Problem: Your answer should consist only of the lines below from the one with "De ruime woonkamer" through the one with "Я наверное кинг", copied exactly.

Records for this task:
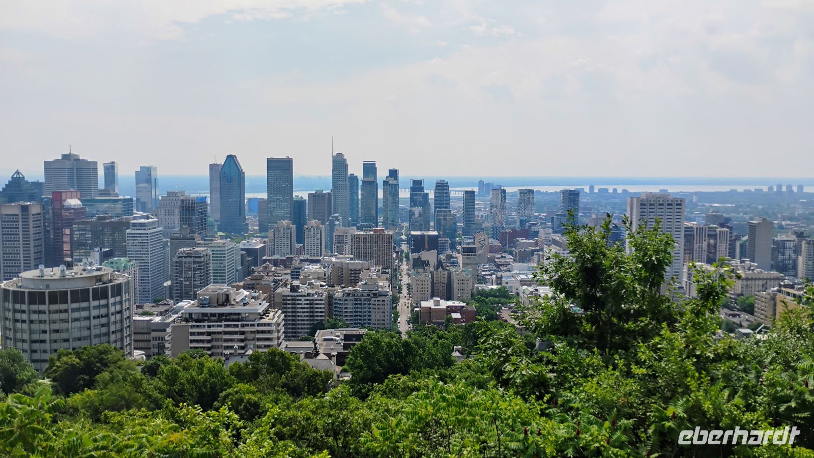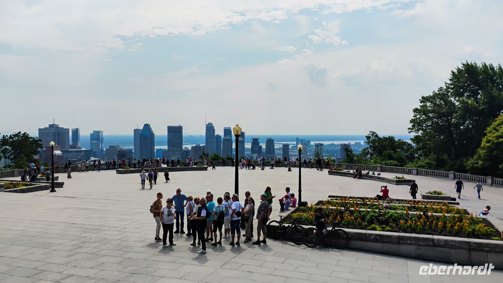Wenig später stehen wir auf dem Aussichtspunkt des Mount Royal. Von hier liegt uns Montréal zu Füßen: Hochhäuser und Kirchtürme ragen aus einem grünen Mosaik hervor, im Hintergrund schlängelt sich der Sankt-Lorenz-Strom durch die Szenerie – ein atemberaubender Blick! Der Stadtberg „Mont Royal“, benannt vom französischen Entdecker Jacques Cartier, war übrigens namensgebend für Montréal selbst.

--

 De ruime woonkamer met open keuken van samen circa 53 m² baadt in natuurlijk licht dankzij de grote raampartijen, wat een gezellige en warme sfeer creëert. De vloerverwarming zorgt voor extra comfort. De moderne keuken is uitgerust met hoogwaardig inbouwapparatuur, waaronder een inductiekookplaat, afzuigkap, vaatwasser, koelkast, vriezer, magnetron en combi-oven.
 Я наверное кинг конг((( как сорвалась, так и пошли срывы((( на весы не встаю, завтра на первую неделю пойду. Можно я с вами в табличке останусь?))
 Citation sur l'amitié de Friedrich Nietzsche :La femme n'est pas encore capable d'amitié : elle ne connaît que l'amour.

Final answer:
 De ruime woonkamer met open keuken van samen circa 53 m² baadt in natuurlijk licht dankzij de grote raampartijen, wat een gezellige en warme sfeer creëert. De vloerverwarming zorgt voor extra comfort. De moderne keuken is uitgerust met hoogwaardig inbouwapparatuur, waaronder een inductiekookplaat, afzuigkap, vaatwasser, koelkast, vriezer, magnetron en combi-oven.
 Я наверное кинг конг((( как сорвалась, так и пошли срывы((( на весы не встаю, завтра на первую неделю пойду. Можно я с вами в табличке останусь?))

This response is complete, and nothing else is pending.